Clearly, copying and interpreting all that data by hand is impossible. Instead, the data pipeline does it automatically, often as a real-time feed that transforms information on the fly. It ensures data moves reliably and consistently.
Raw data is often messy or in the wrong format. The pipeline transforms it into something useful — removing duplicates, standardizing formats, calculating metrics, or joining information from multiple sources, as with the air traffic control example.
Often, data pipelines are event driven. This just means they consume a sequence of events from the real world — some fact that already happened — then turn it into actionable intelligence.
“Actionable intelligence” just means some kind of information you can use. For instance, the fact that a stock price dropped could be turned into an automated buy order for that stock.
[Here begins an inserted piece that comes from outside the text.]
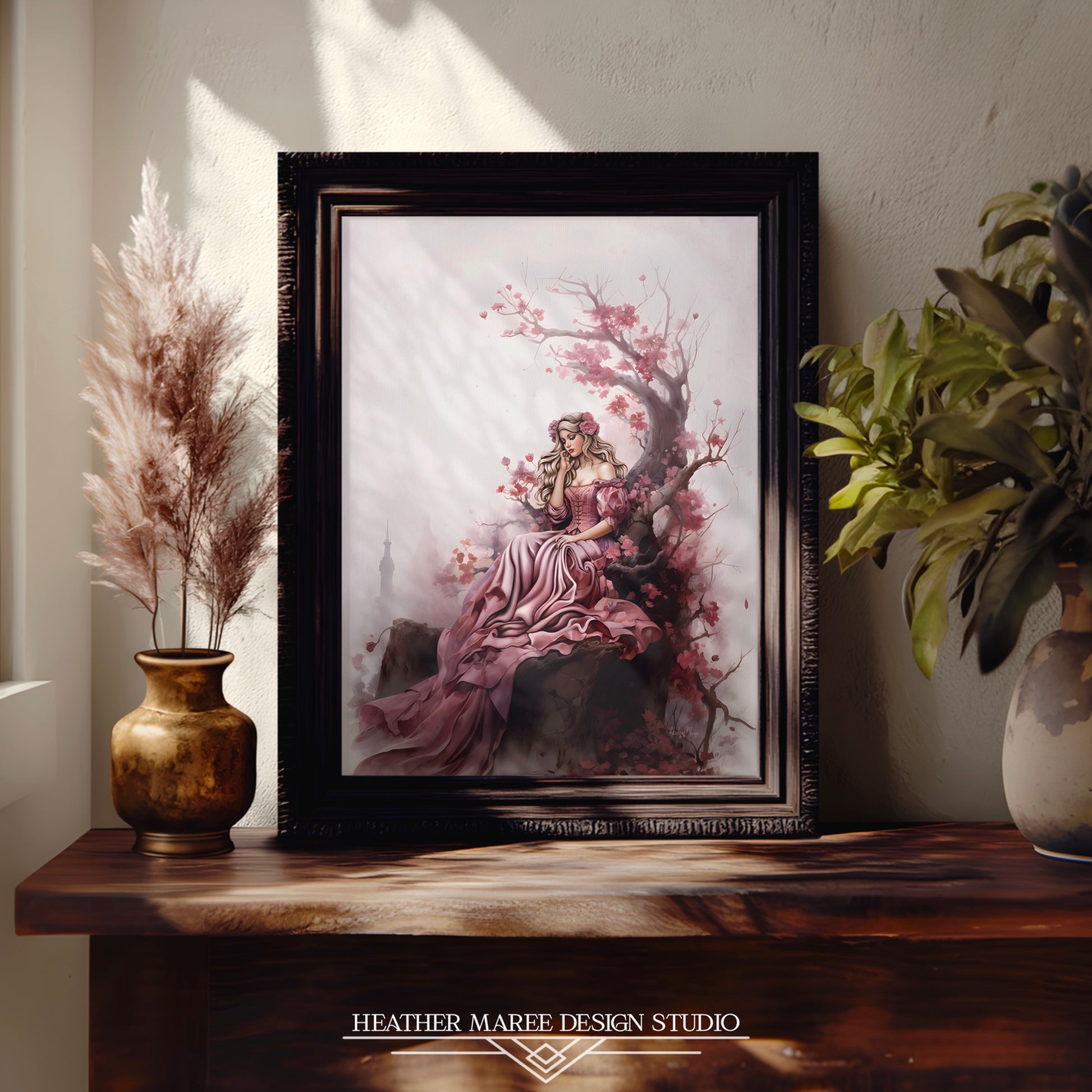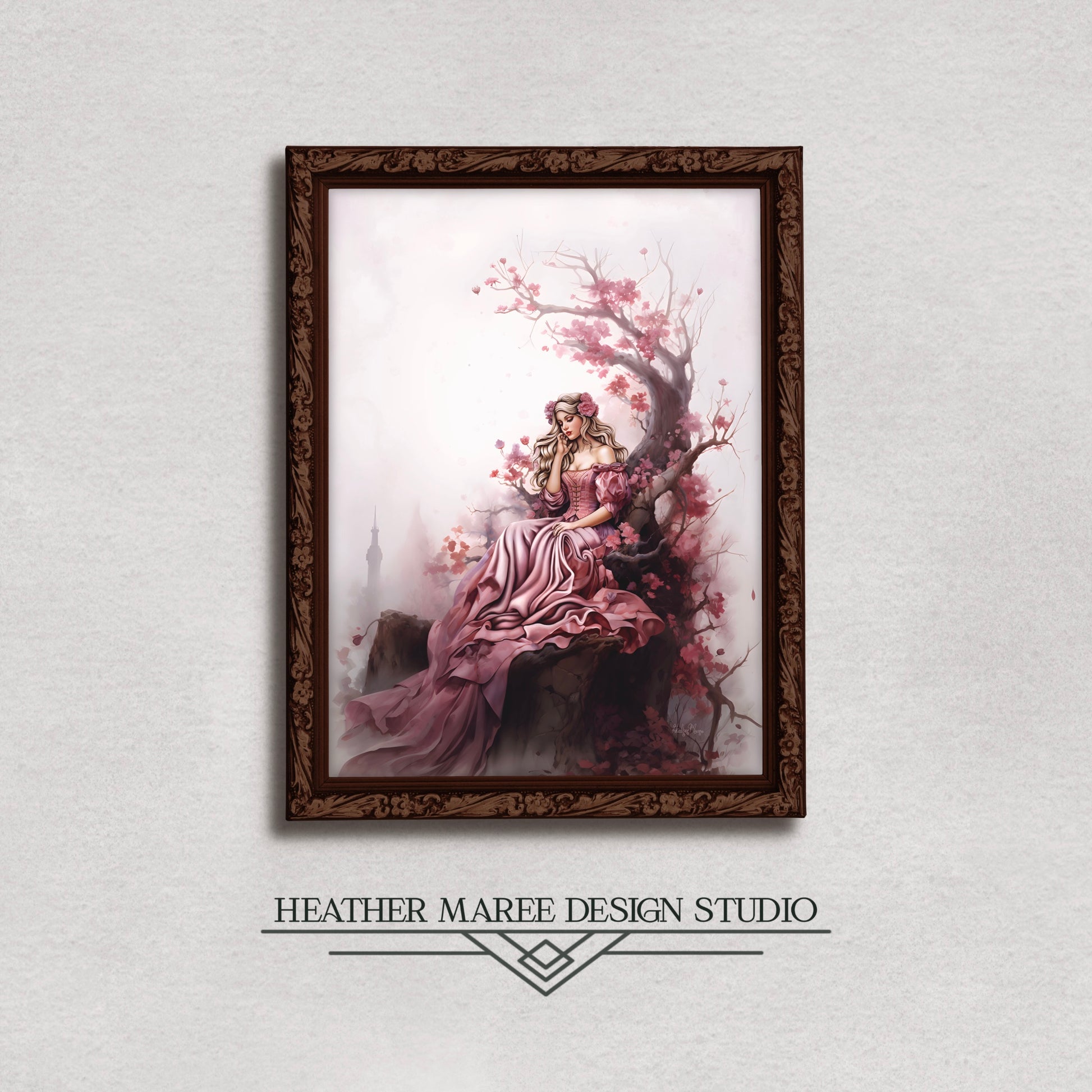Enter the enchanting world of fairy tales with this beautiful original digital painting featuring Sleeping Beauty seated on a captivating throne crafted from a magical tree adorned with pink blooming flowers. Draped in a pink and lilac gown, Sleeping Beauty exudes contemplative grace, with pink flowers delicately woven into her hair. The muted pale pink background sets the stage for this ethereal scene, complemented by a color palette of cool browns, pinks, lilac, and beige, infusing the artwork with a sense of whimsical serenity.

An e-commerce company might have a pipeline that pulls daily sales data from its sales database, combines it with inventory data, calculates key metrics like revenue per product, and loads everything into a dashboard where executives can see performance at a glance.
There are a lot of moving pieces. Getting those pieces to work together, then correlating all that disparate data and presenting it clearly, logically, is hard. There are challenges to doing it well, which I’ll talk about below.
Preserving data integrity
One of the most important things a good data analysis tool — and data pipeline — needs is a guarantee of data integrity. In this case, data integrity means the data is exactly the data we think we are analyzing. This sounds obvious, but it’s surprisingly easy to get wrong.
Here are some common pitfalls, all of which we need to design against:
Silent data loss: Information dropped during joins, filtering, or transformations without warning. For example, only capturing summary data or a subset of available data instead of recording (and keeping) everything.
Type coercion errors: Numbers becoming strings, dates and time zones handled incorrectly, or precision lost in conversions.
Encoding issues: Data corruption caused when moving between systems — something as simple as assuming an input field uses Latin characters instead of Unicode.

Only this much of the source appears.